### EXERCISE OBJECTIVE
Using the listing below, reproduce exactly the lines from the one with "This faux fur" through the last, with all pictures left out.

RECORDS PROVIDED Start Marker

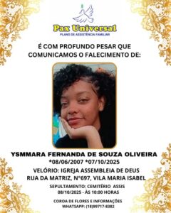 Às 10 horas, será sepultada a jovem estudante Ysmmara Fernanda de Souza Oliveira (foto abaixo), de 18 anos, que está sendo velada na Igreja Assembleia de Deus da vila Maria Isabel, de onde sairá o cortejo fúnebre às 9h30. Segundo o profissional médico que assinou a Certidão de Óbito, a jovem estudante morreu na Santa Casa de Assis na madrugada desta terça-feira, dia 7 de outubro, vítima da H1N1.
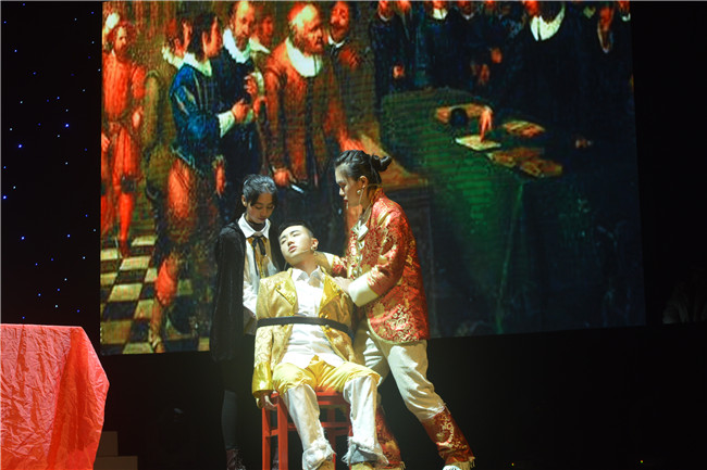 厉彦伯、张烨等同学出演的情景剧《罗密欧与朱丽叶》带来了晚会的第一个高潮,讲述了男女主角从相识到相爱,再到最终为爱殉情的经典爱情故事。参演者深情演绎,给予了观众别样的心灵震撼。俞熙雯、胡文辉等同学带来的莎剧串烧《罗密欧与朱丽叶》、《仲夏夜之梦》、《麦克白》,表演生动,情感真挚。
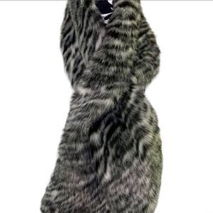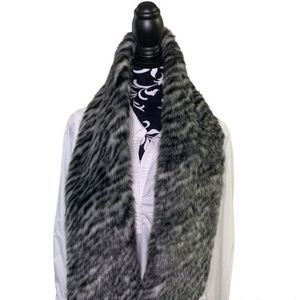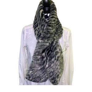 This faux fur scarf is soft and luxurious. One end pulls through the other to secure and keep you toasty. Measures approx 48" long x 6.5" wide.
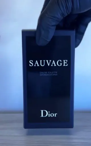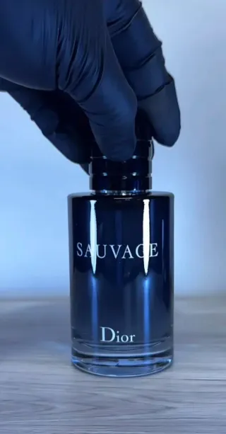 Este es el perfume Sauvage de Dior en un elegante frasco azul. - Fragancia icónica. - Diseño clásico de la botella.
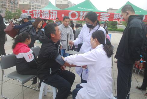 图为医务人员为现场观众免费义诊
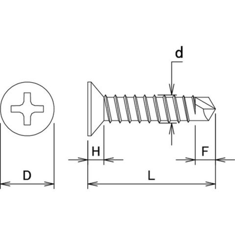 ・寸法(mm)d:4.8・寸法(mm)L:13・最大適合板厚(mm):1.6~2.3・頭部径(mm):9.1・頭部厚さ(mm):2.8・適合ドライバー:十字No.2・ドリル刃先(mm):5・呼び径(mm):4.8・長さ(mm):13・品名:十字穴付き皿 ドリルねじ・呼び寸法(mm)d:4.8・全長(mm):13・鉄板板厚(mm):1.6~3.2・呼び寸法(mm)L:13
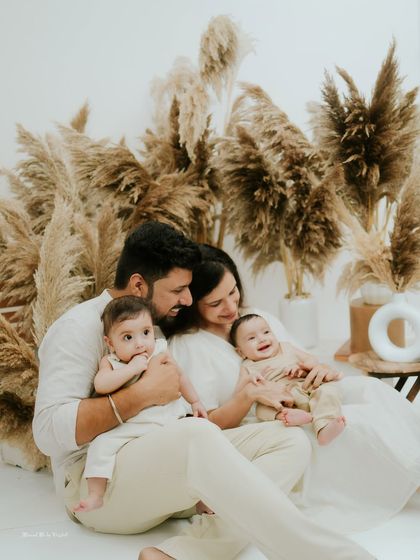 I do family photo sessions in studio or outdoors across Delhi NCR, include props and outfit help, and give you both edited and all raw images, with pets and all family members welcome.

RECORDS PROVIDED End Marker

### WRITTEN RESPONSE
 This faux fur scarf is soft and luxurious. One end pulls through the other to secure and keep you toasty. Measures approx 48" long x 6.5" wide.
 Este es el perfume Sauvage de Dior en un elegante frasco azul. - Fragancia icónica. - Diseño clásico de la botella.
 图为医务人员为现场观众免费义诊
 ・寸法(mm)d:4.8・寸法(mm)L:13・最大適合板厚(mm):1.6~2.3・頭部径(mm):9.1・頭部厚さ(mm):2.8・適合ドライバー:十字No.2・ドリル刃先(mm):5・呼び径(mm):4.8・長さ(mm):13・品名:十字穴付き皿 ドリルねじ・呼び寸法(mm)d:4.8・全長(mm):13・鉄板板厚(mm):1.6~3.2・呼び寸法(mm)L:13
 I do family photo sessions in studio or outdoors across Delhi NCR, include props and outfit help, and give you both edited and all raw images, with pets and all family members welcome.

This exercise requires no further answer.